* Data segment:
☆ ☆ ☆
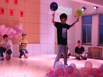在开场视频师生的祝福声及主持人热情饱满的祝词下,晚会正式开始。一首舒缓的歌曲独唱《回忆的沙漏》过后,酷炫的花式篮球表演将晚会推向了今晚的第一个高潮,其中,花式篮球协会会长精湛的技艺,丰富的表情让观众赞叹不已;办公室的《青春万岁》慷慨激昂的朗诵,展现了当代大学生的青春风采;记者团的小品《土豪,我们做朋友吧》以其夸张的表情动作,幽默诙谐的语言赢得了观众好评;随后,轻快的吉他弹唱,梦幻的华尔兹舞蹈,俊男靓女,给观众带来了一场视觉盛宴;来自捷克论坛
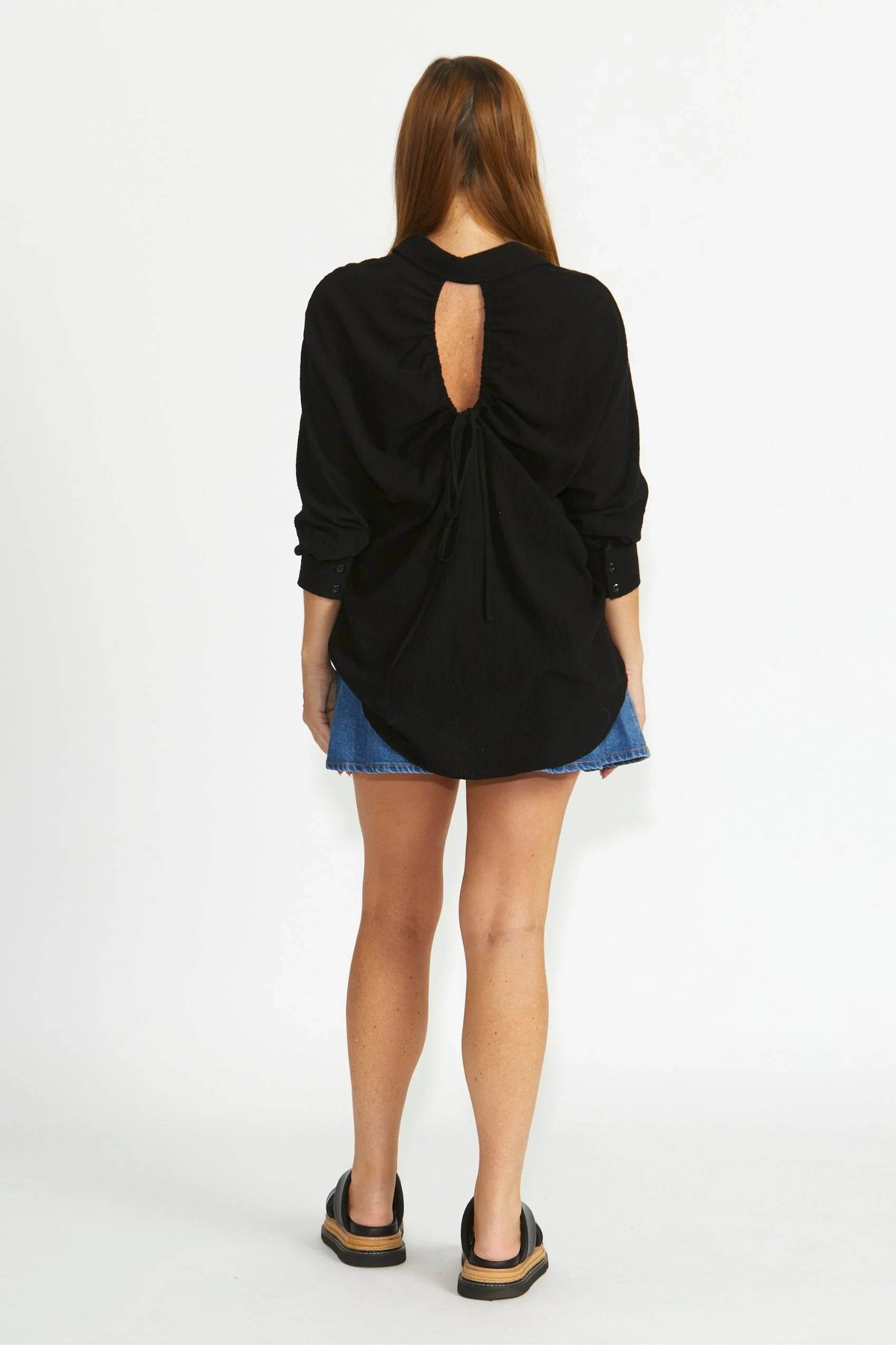 A long-sleeve button-up shirt in soft viscose crinkle, offering a fluid drape and airy comfort. The Sara Shirt works effortlessly tucked, untucked, or layered over dresses and tanks.
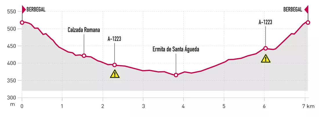 Le parcours proposé commence depuis la partie haute du village pour pouvoir, en plus de profi ter des belles vues, admirer aussi les belles maisons seigneuriales, comme l’actuel Hôtel de Ville, et son imposante église. Après être descendu du village, l’itinéraire se dirige vers l’ermitage roman de Santa Águeda le long de l’ancienne voie romaine Ilerda-Osca, dont il ne reste que quelques sections. Á continuation il pase sur des chemins agricoles en parfait état jusqu’à l’ermitage, entouré d’un curieux environnement avec de gros rochers de grès. Le retour à Berbegal se fait plus directement sur des chemins en bon état.
☆ ☆ ☆
* Your task:
Leaving out all pictures, transcribe the listing exactly.

* Reply to the exercise:
在开场视频师生的祝福声及主持人热情饱满的祝词下,晚会正式开始。一首舒缓的歌曲独唱《回忆的沙漏》过后,酷炫的花式篮球表演将晚会推向了今晚的第一个高潮,其中,花式篮球协会会长精湛的技艺,丰富的表情让观众赞叹不已;办公室的《青春万岁》慷慨激昂的朗诵,展现了当代大学生的青春风采;记者团的小品《土豪,我们做朋友吧》以其夸张的表情动作,幽默诙谐的语言赢得了观众好评;随后,轻快的吉他弹唱,梦幻的华尔兹舞蹈,俊男靓女,给观众带来了一场视觉盛宴;来自捷克论坛
 A long-sleeve button-up shirt in soft viscose crinkle, offering a fluid drape and airy comfort. The Sara Shirt works effortlessly tucked, untucked, or layered over dresses and tanks.
 Le parcours proposé commence depuis la partie haute du village pour pouvoir, en plus de profi ter des belles vues, admirer aussi les belles maisons seigneuriales, comme l’actuel Hôtel de Ville, et son imposante église. Après être descendu du village, l’itinéraire se dirige vers l’ermitage roman de Santa Águeda le long de l’ancienne voie romaine Ilerda-Osca, dont il ne reste que quelques sections. Á continuation il pase sur des chemins agricoles en parfait état jusqu’à l’ermitage, entouré d’un curieux environnement avec de gros rochers de grès. Le retour à Berbegal se fait plus directement sur des chemins en bon état.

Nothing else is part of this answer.